His foot was so painful that he felt quite sick. He sat down, closed his eyes, and dropped his head down between his knees. When he looked up again Duncan was peering down at him anxiously. He had two massive boulders, one under each arm, and he was sweating.
“What’s come ower ye, man?” he asked.
“I … I …” Colin began feebly, but words failed him. There was nobody else on the path at all, and the other two were still up at Lochashiel. Yet it had to be Oliver who’d pounced on him like that. Who else could it have been?
“What’s wrang wi’ ye?” repeated Duncan, looking at him curiously, then at the overturned barrow, and the litter of stones.
“Someone jumped out at me,” Colin said, still rubbing his foot, “and they must have run off into the woods. I – heard them laughing.” He got to his feet again, but he swayed slightly. The weight didn’t seem to have gone away somehow. He must have ricked his back, humping all those stones about.
“Sit you doon, man,” ordered Duncan. “Ye look like ye’ve seen a wee ghaist. I’ll put the stanes back; you bide where y’are a wee while.”
Colin watched him reload the barrow.

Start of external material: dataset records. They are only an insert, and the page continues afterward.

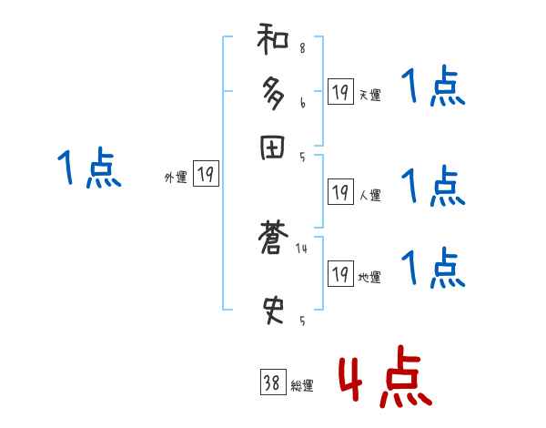 天運![]() | 和多田蒼史さんの天運は19画の1つ星!優れた才能を持ちますが、協調性が足りないことも。周りの人と協力する事を意識しましょう。 家系が持つ宿命的な運勢を表します。祖先から受け継いだ苗字ですので自分の力が及びません。家柄を象徴します。 |
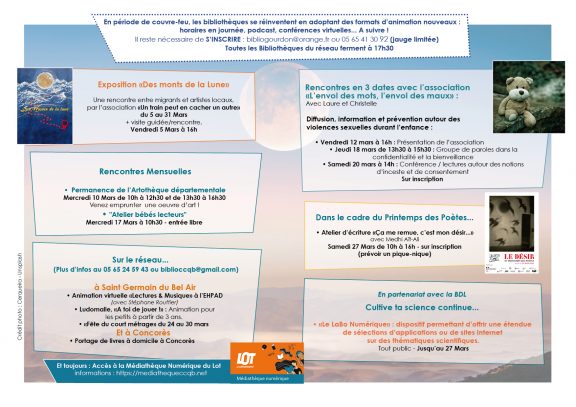 Programme de mars Publié le mercredi, 24 février 2021 par Bibliothèque Intercommunale Gourdon La Bibliothèque Quercy Bouriane vous présente « Des monts de la lune »
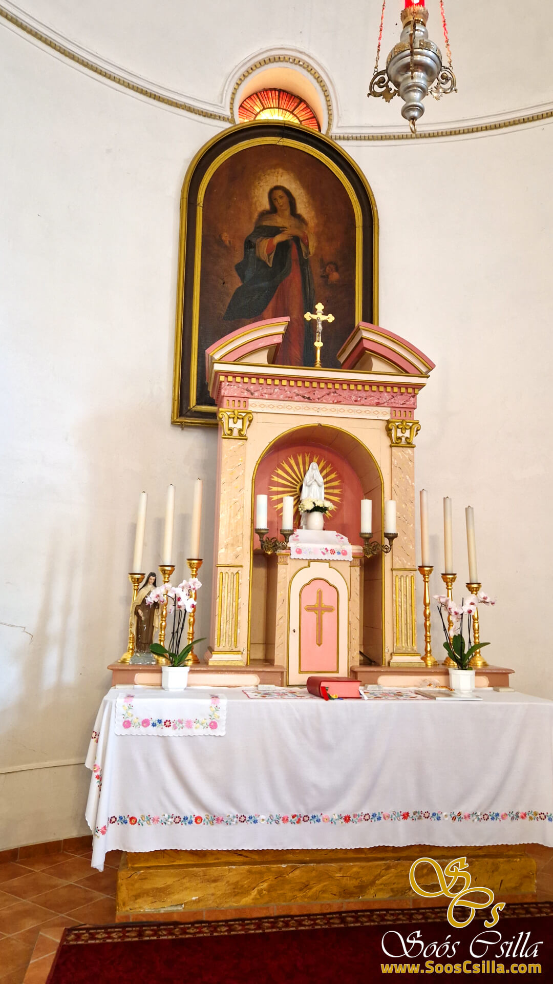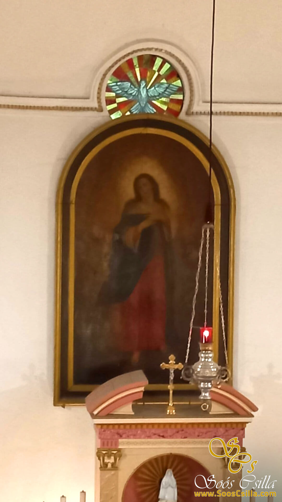 Dedinka Szigliget je malá klenotnica v kraji Veszprém na severnom brehu jazera Balaton medzi Badacsony a Keszthely. Kostol Szűz Mária s panoramatickým výhľadom na Balaton nájdete tu, pod hradom Szigliget, ktorého kostol sa v osvedčení spomína už v roku 1427. V tomto nádhernom kostole som mala možnosť vyrobiť vitráže zobrazujúce Pannu Máriu. a monogramy IHS, ako aj symbol holubice nad oltárom. Ak sa nachádzate v tejto oblasti, navštívte priamo Szigliget. Úžasná malá dedinka.
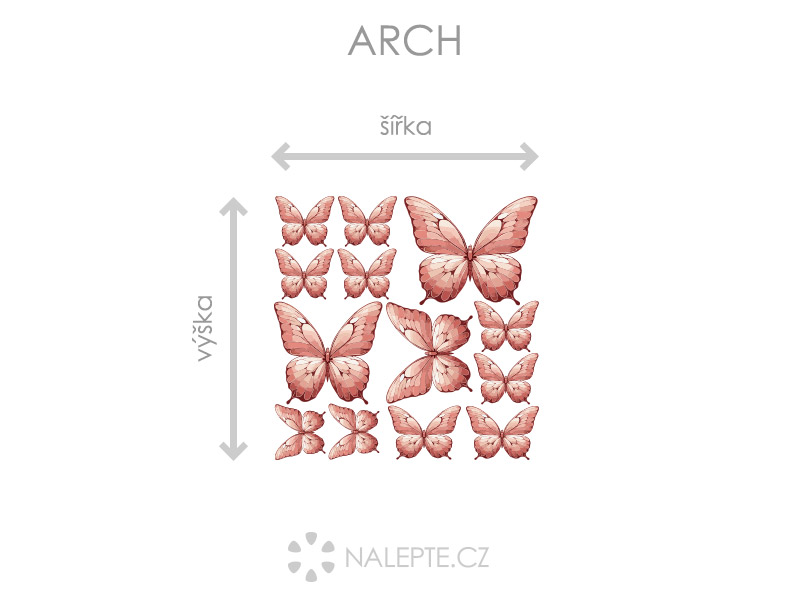 Arch = takto vám bude samolepka doručena. Každý prvek na archu je samostatná samolepka, jednotlivé části jednoduše od papírového podkladu odlepíte a nalepíte na zeď tak, aby složily výsledný motiv dle Vašich představ. Arch si můžete prohlédnout ve fotogalerii. Rozměr archu volíte v objednávce. Přehled předdefinovaných rozměrů (šířka x výška): a) arch 20 x 20 cm b) arch 30 x 30 cm c) arch 45 x 45 cm d) arch 75 x 75 cm Například nejmenší arch 20 x 20 cm obsahuje 1 ks šíře 10 cm, 2 ks šíře 8 cm, 2 ks šíře 5,5 cm, 8 ks šíře cca 4 až 4,5 cm Je možné zvolit i libovolný vlastní rozměr archu pomocí posuvníku či klikání na "Větší", "Menší"

He puffed and sweated as if each stone weighed a ton. It was as if they’d doubled in size on their way down from Lochashiel, and he kept dropping them. It was the slimy ones from the bottom, presumably, that would keep slipping through his fingers.
He’d only just finished when Prill and Oliver came out of the trees. The skinny young boy was carefully cleaning the blades of his penknife but Prill was looking into the woods. She kept turning her head from side to side, and sniffing.